Effect of copper and nickel hydroxides on water dissociation reaction during electrodialysis in overlimiting conditions

  • С. В. Шишкина Shishkina Svetlana V. – Ph.D., prof., Department of Technology of Inorganic Substances and Electrochemical Productions, Vyatka State University, Kirov, e-mail: vgu_tep@mail.com
  • Е. А. Желонкина Zhelonkina Evgenia A. – lecturer, Department of Technology of Inorganic Substances and Electrochemical Productions, Vyatka State University, Kirov, e-mail: eazhelonkina@gmail.com
  • Б. А. Ананченко Ananchenko Boris A. – assistent, Department of Inorganic and Physical Chemistry, Vyatka State University, Kirov
Keywords: cation-exchange and anion-exchange heterogeneous membranes, catalytic activity of functional groups and sparingly soluble hydroxide precipitates with respect to the water dissociation reaction

Abstract

The formation of sparingly mineral precipitates on the membrane surface complicates the practical implementation and deteriorates economic parameters of the electrodialysis process. The most serious problems arise in the demineralization of hard natural waters and solutions containing toxic heavy metals ions.
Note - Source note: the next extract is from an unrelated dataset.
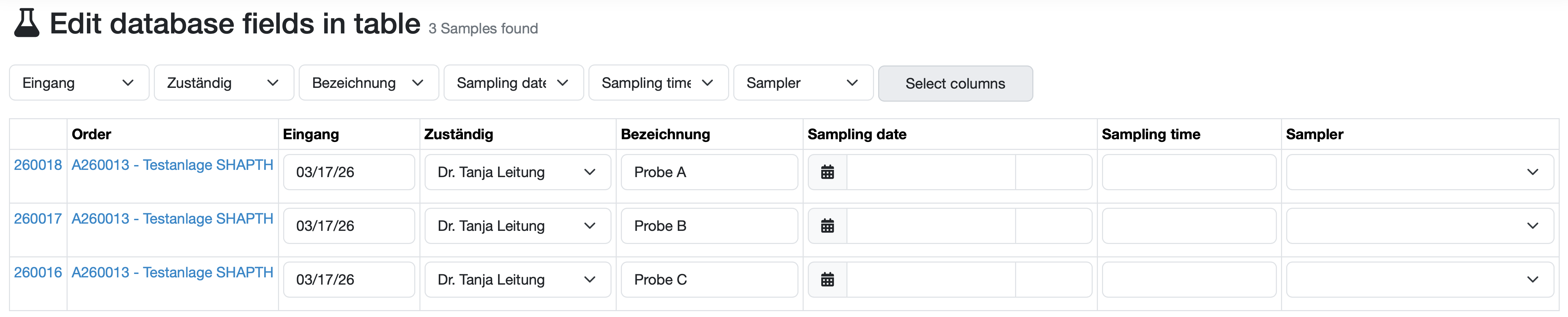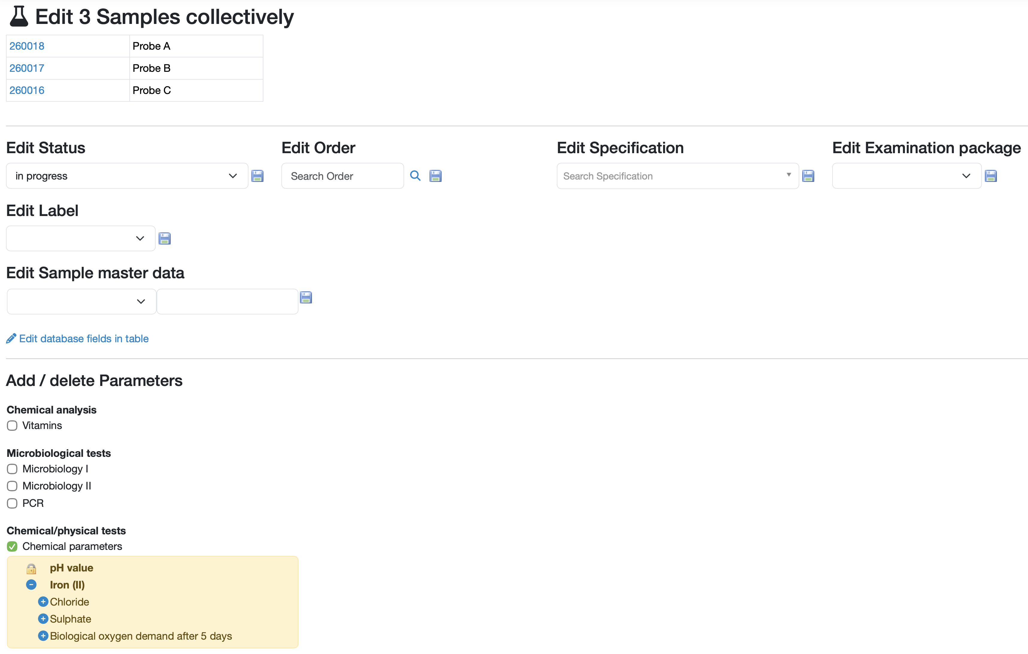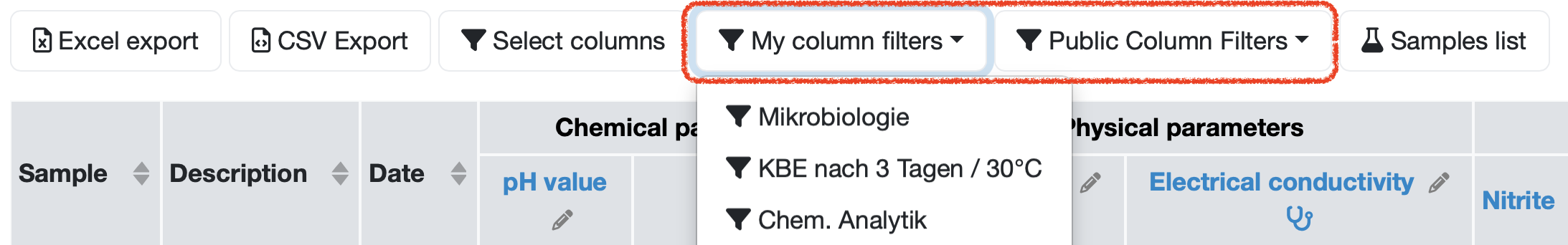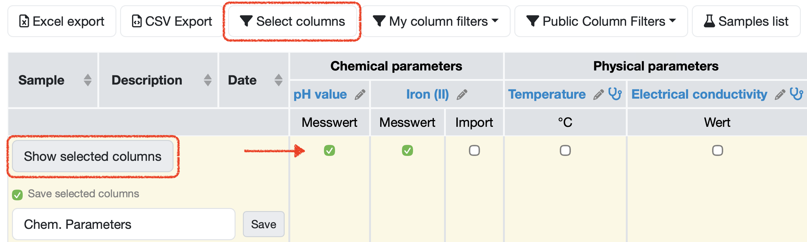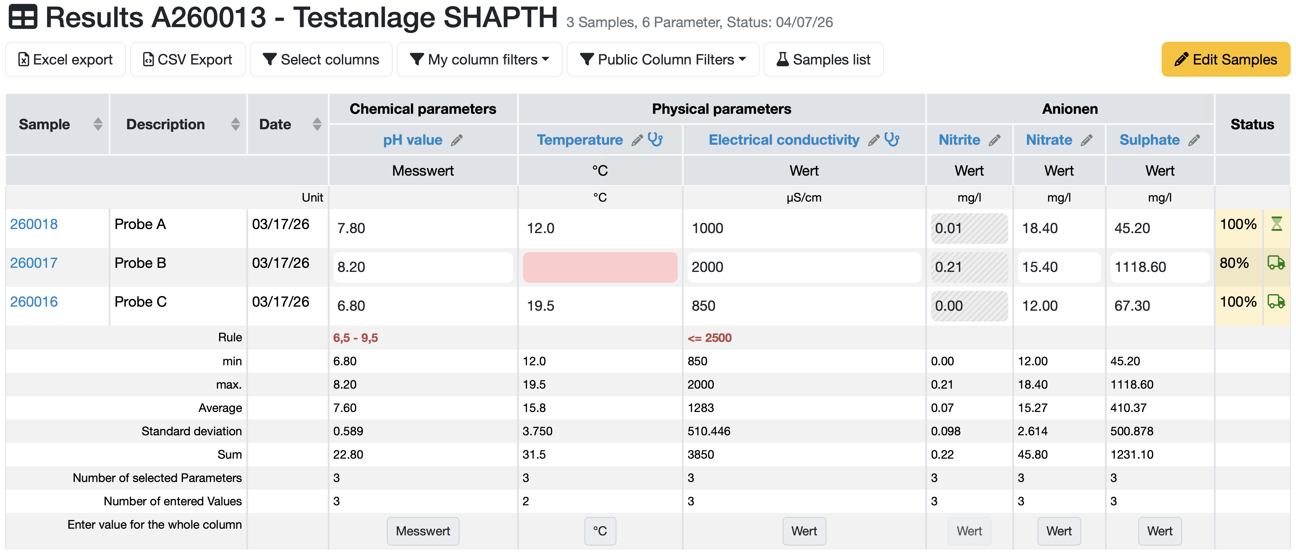| Parameter groups (e.g. Chemical parameters, Physical parameters, Anions) | Sample- and configuration-dependent column groups with the respective individual parameters, units and measured values. A pencil icon next to the parameter name allows direct editing of the parameter type (with appropriate permissions). |

The aim of this work was to study the catalytic activity of sparingly soluble precipitates of copper and nickel hydroxides with respect to the water dissociation reaction at the interface the cation-exchange membrane/copper or nickel sulfate solution. It was shown that the presence of catalytically active secondary and tertiary aminogroups in the anion-exchange membranes or their formation during electrodialysis leads to the appearance of hydrogen ions stream moving from the anion-exchange membrane in the desalting chamber. Cation-exchange membranes in the region of overlimiting current densities form precipitates of copper or nickel hydroxides catalytically active with respect to the water dissociation reaction, which causes the flux of hydroxyl ions from the cation-exchange membrane.
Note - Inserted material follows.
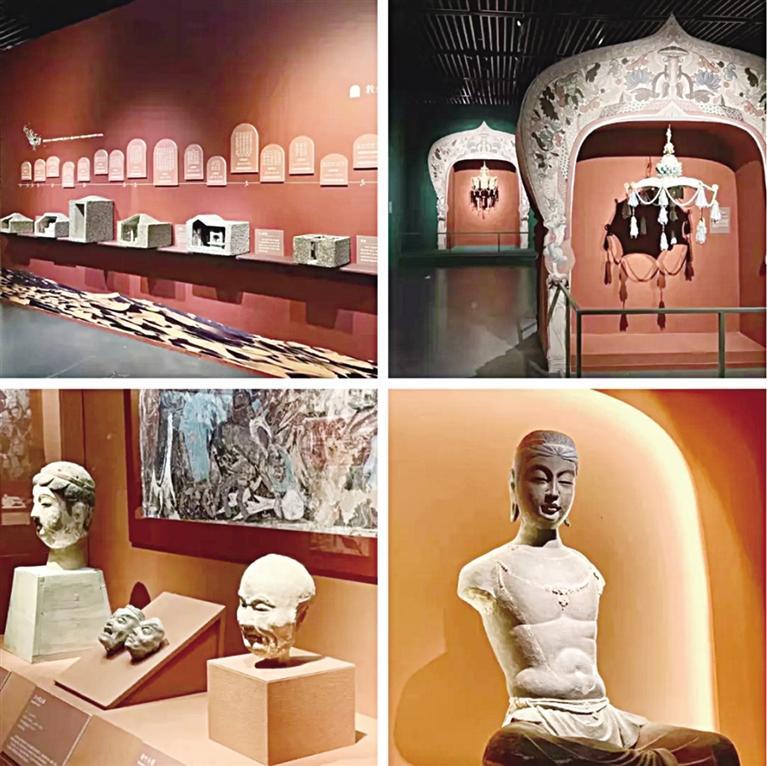 展覽分為“石窟藝術”“絲路重華”“萬象人間”3個單元,展出文物130多件(套),集中展示了甘肅河西走廊沿線出土的重要絲路文物精華,全面展示了中西文明在敦煌與河西地區(qū)的交融與成就。

In the case of electrodialysis of copper sulfate solution, the desalting chamber solution is acidified, because the precipitate of copper hydroxide gradually degrades to catalytically inactive copper oxide, whereupon the flux of hydrogen ions from the anion-exchange membrane predominates. In the case of electrodialysis of a solution of nickel sulfate, the precipitate does not change the composition and retains the catalytic activity, which leads to a stable alkalization of the desalting chamber solution and a drastic decrease in the transport numbers of the electrolyte ions.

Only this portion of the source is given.